## Problem
Nothing outside the lines below from the one containing "Pretty vintage pottery" through the one containing "This pullover sweater, crafted" is to be printed; print those exactly, ends included, and drop the pictures.

## Stored data
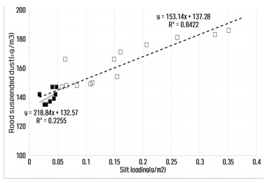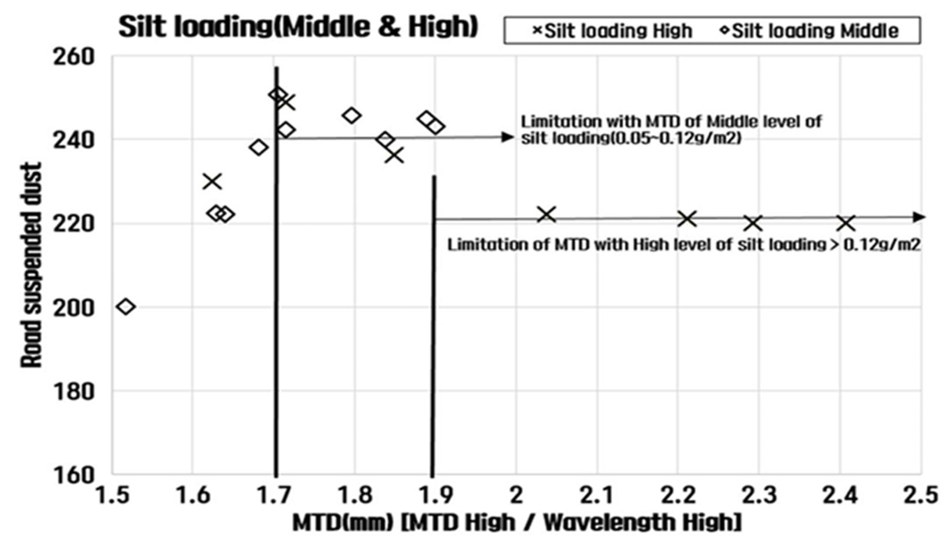 Road-suspended dust based on the level of MTD in silt loading 0.05~0.12 g/m2.
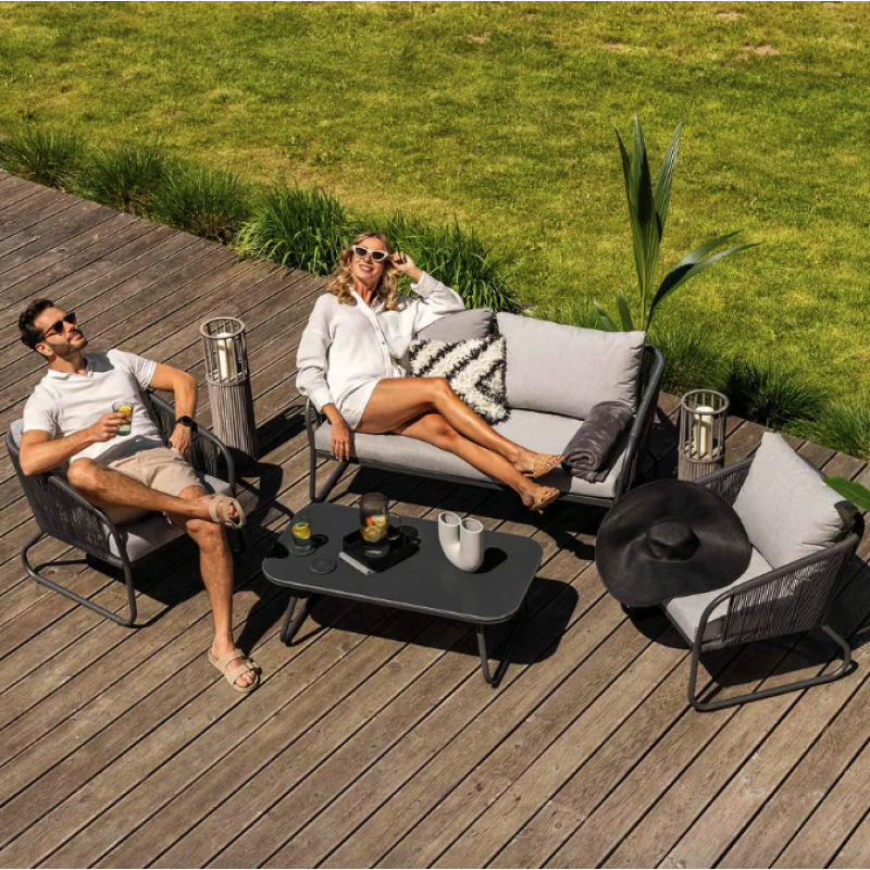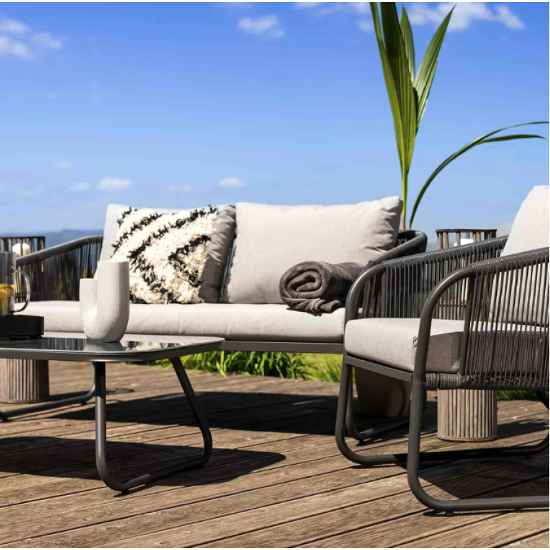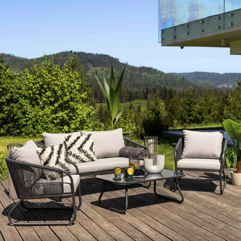 Садовая мебель Paso от Di Volio - это идеальное сочетание функциональности и современного стиля. Комплект состоит из просторного двухместного дивана и двух кресел, сиденья и спинки которых оснащены мягкими толстыми подушками, журнального столика со стеклянной столешницей. Мебельная конструкция, изготовленная из гнутых стальных труб графитового цвета и ручного плетения техноротанга того же оттенка, очень прочная, стабильная и, прежде всего, устойчива к внешним погодным факторам, таким как дождь, интенсивное солнце (УФ-лучи), снег или влажная. Простые, модернистские формы мебели и сдержанные цвета делают гарнитур Paso отличным практически в любой композиции, а ваш сад или терраса станут вашим излюбленным местом отдыха на природе.
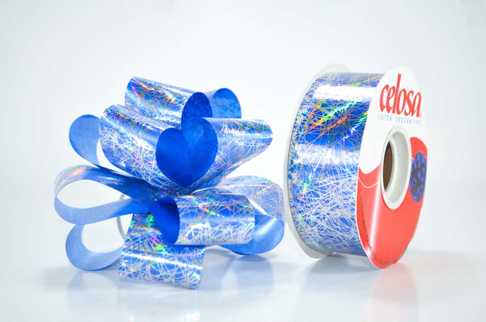 Listón para regalo de polipropileno 100% reciclable con detalles brillantes holográficos y metálicos especial para realizar moñas o empaques. La longitud del rollo es de 40 metros.
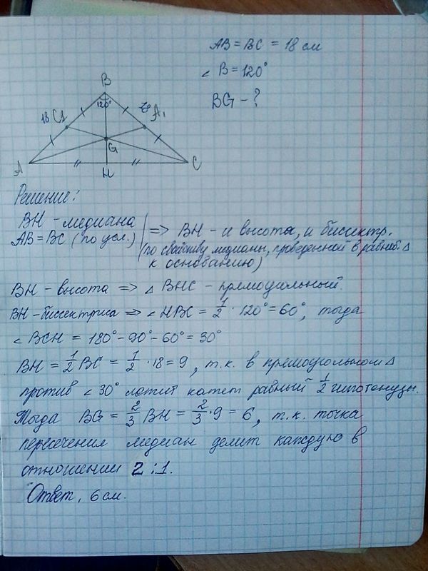 Медианы AA1 и CC1 треугольника ABC, в котором угол B равен 120º, пересекаются в точке G. Найдите BG, если AB = BC = 18 см.
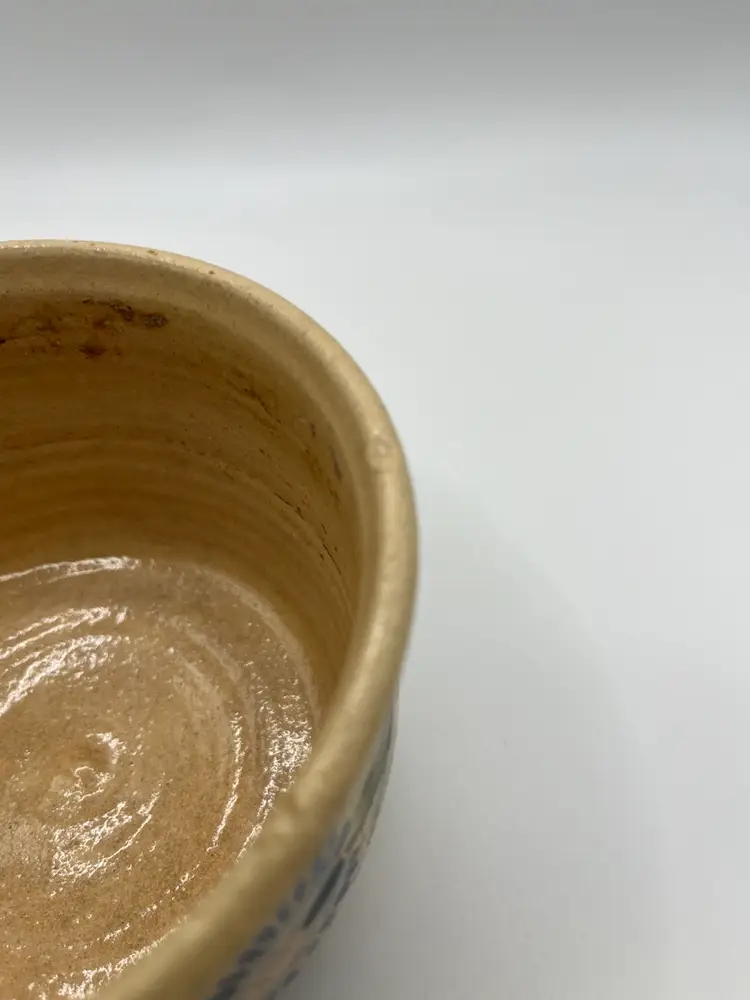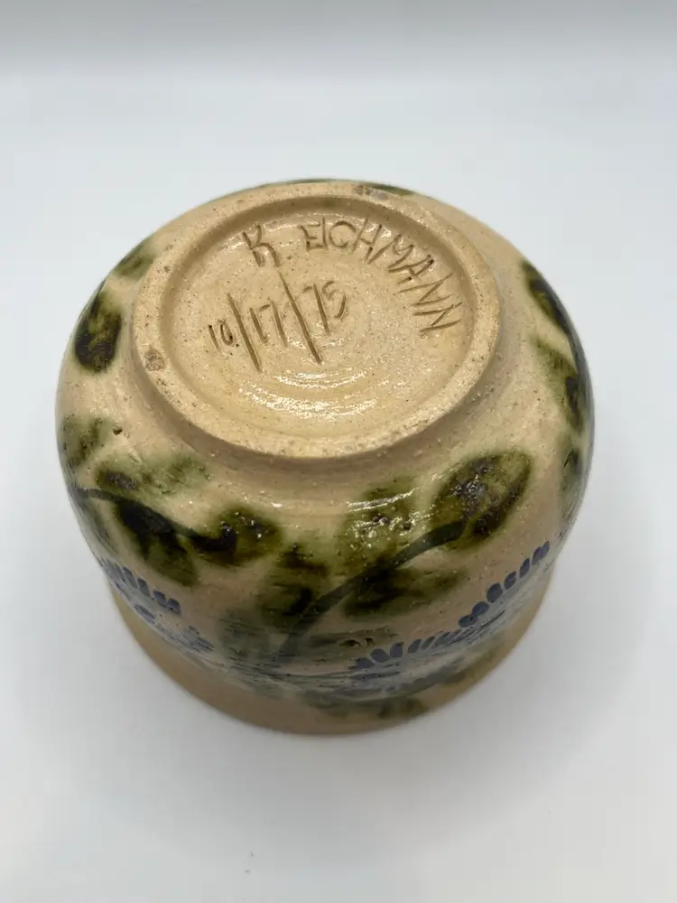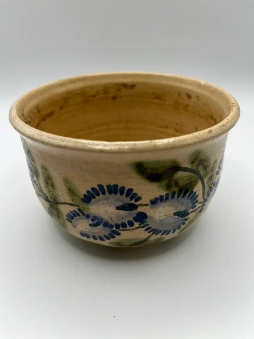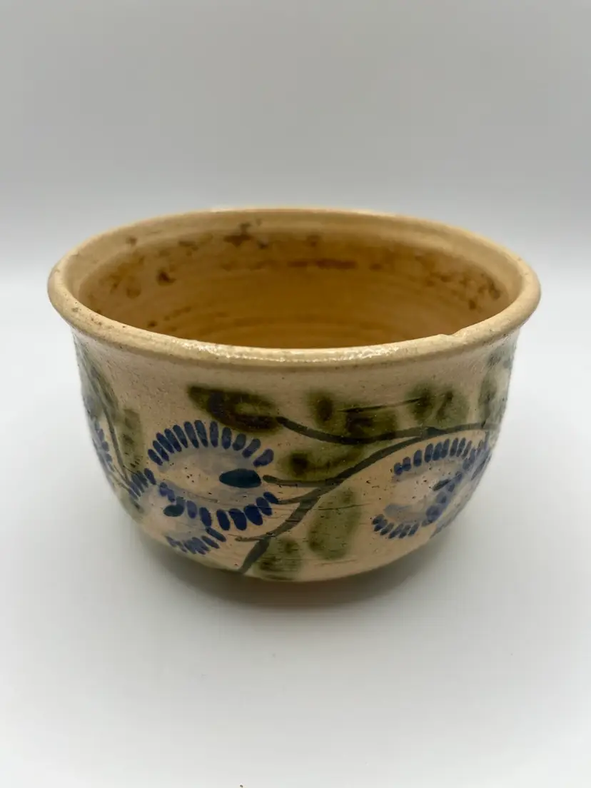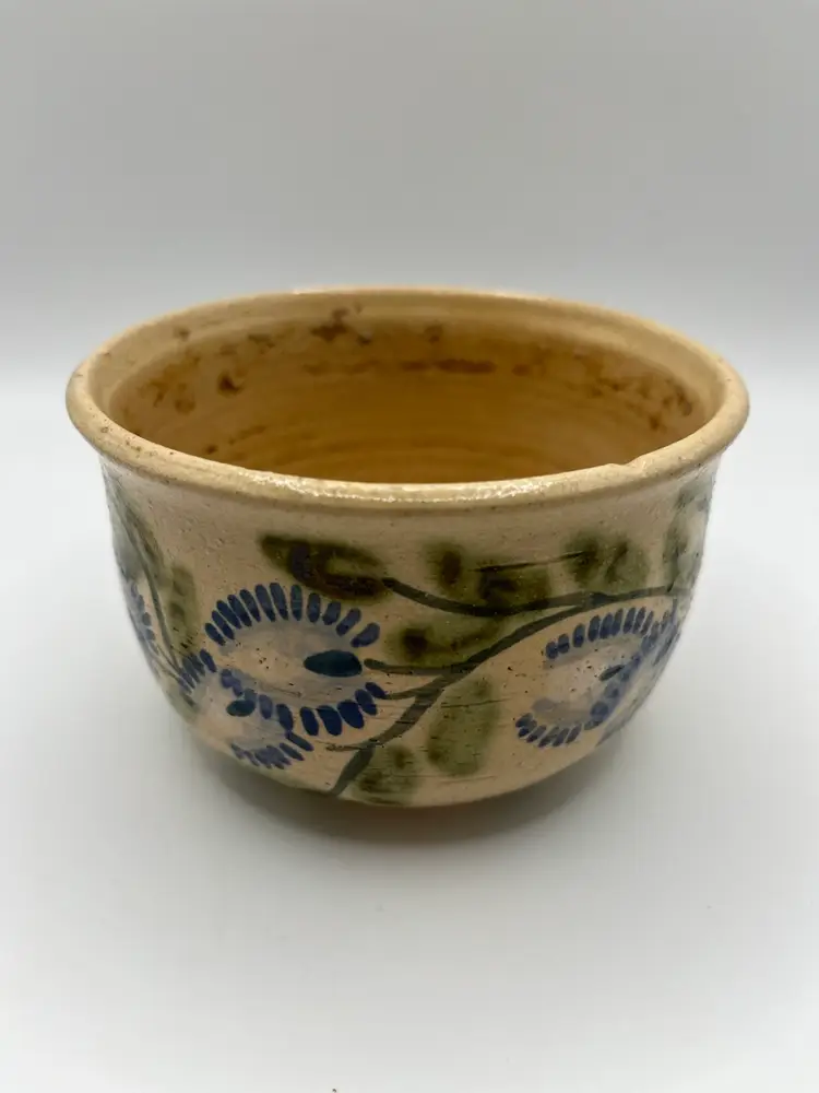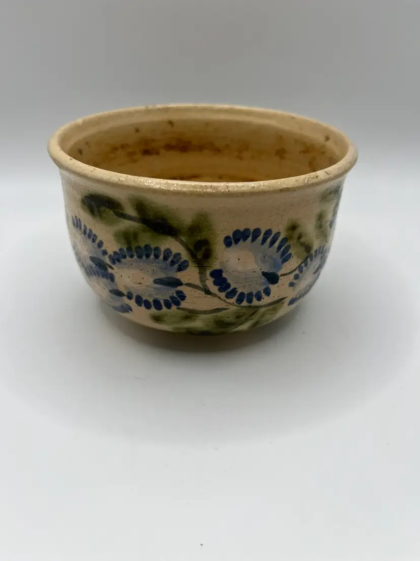Pretty vintage pottery bowl with floral design. Signed and dated. No chips or cracks. Small makers defect as seen in picture. 4 3/4” across top 3” height
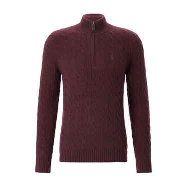 This pullover sweater, crafted from a wool and cashmere blend, impresses with its comfortable feel and stylish look. The classic cable knit gives the design a timeless touch, while the stand-up collar with a zipper offers functional elegance and versatile styling options. A subtly placed, iconic logo embroidery completes the look.
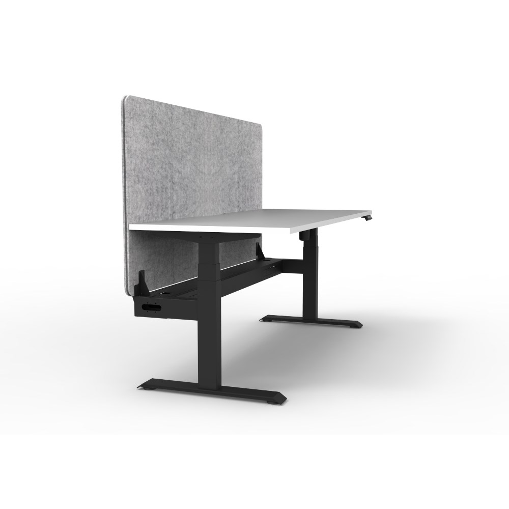 Electric height adjustable single sided workstation with Natural White top and Black Satin frame, Grey Eco screen and cable tray.

## Result of the exercise
Pretty vintage pottery bowl with floral design. Signed and dated. No chips or cracks. Small makers defect as seen in picture. 4 3/4” across top 3” height
 This pullover sweater, crafted from a wool and cashmere blend, impresses with its comfortable feel and stylish look. The classic cable knit gives the design a timeless touch, while the stand-up collar with a zipper offers functional elegance and versatile styling options. A subtly placed, iconic logo embroidery completes the look.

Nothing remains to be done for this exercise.